Available data>
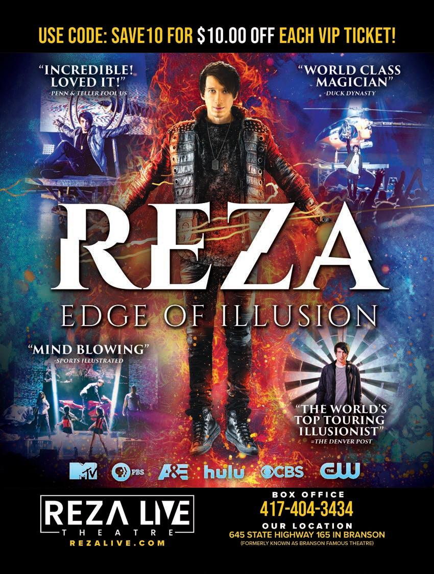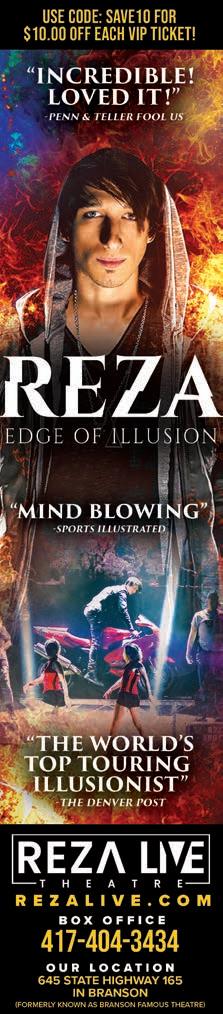 Escape into a world where the impossible becomes reality! Dustin Tavella Presents “Now I See” will be performing at the Reza Live Theatre, with shows scheduled from March through December. Located at 645 State Hwy 165. Call 417-220-3737 or dustintavella.com/branson for show schedule and reservations.
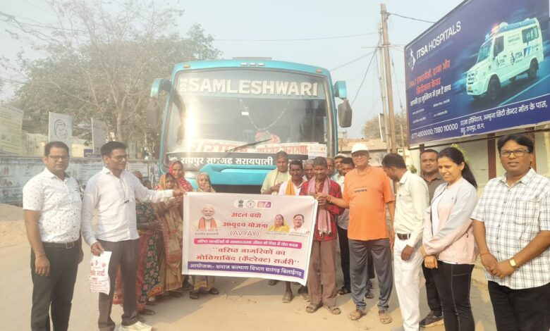 स्वास्थ्य विभाग के समन्वय से चिन्हित बुजुर्गों को समाज कल्याण विभाग सारंगढ़ द्वारा विशेष बस परिवहन की व्यवस्था करके अखिल भारतीय आयुर्विज्ञान संस्थान एम्स रायपुर ले जाया गया। जहां एम्स के चिकित्सकों आधुनिक उपचार पद्धति द्वारा सभी 10 बुजुर्गों की मोतियाबिंद कैटरेक्ट की सफल सर्जरी की गई।
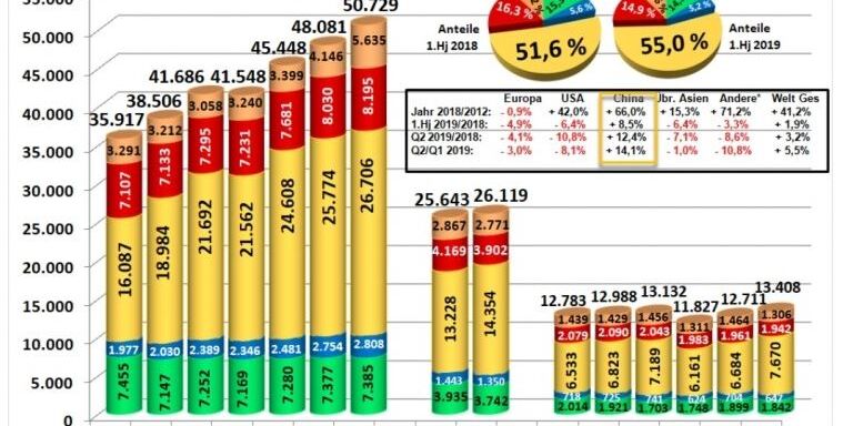 China konnte seinen Anteil an der Weltproduktion nochmals steigern und erreichte 55 Prozent. Die chinesischen Hersteller haben im Halbjahresvergleich ihren Ausstoß nochmals um 8,5 Prozent erhöht, während er in Europa um 4,9 Prozent gesunken ist. Interessant sind die Wachstumsvergleichszahlen 2018 zu 2012, die einen klaren Trend der Verlagerung der Produktion aus Europa erkennen lassen.

Task statement> In the listing above, find the line containing "स्वास्थ्य विभाग के" and restate it and every later line verbatim, with the pictures left out.

Reply to the task>
 स्वास्थ्य विभाग के समन्वय से चिन्हित बुजुर्गों को समाज कल्याण विभाग सारंगढ़ द्वारा विशेष बस परिवहन की व्यवस्था करके अखिल भारतीय आयुर्विज्ञान संस्थान एम्स रायपुर ले जाया गया। जहां एम्स के चिकित्सकों आधुनिक उपचार पद्धति द्वारा सभी 10 बुजुर्गों की मोतियाबिंद कैटरेक्ट की सफल सर्जरी की गई।
 China konnte seinen Anteil an der Weltproduktion nochmals steigern und erreichte 55 Prozent. Die chinesischen Hersteller haben im Halbjahresvergleich ihren Ausstoß nochmals um 8,5 Prozent erhöht, während er in Europa um 4,9 Prozent gesunken ist. Interessant sind die Wachstumsvergleichszahlen 2018 zu 2012, die einen klaren Trend der Verlagerung der Produktion aus Europa erkennen lassen.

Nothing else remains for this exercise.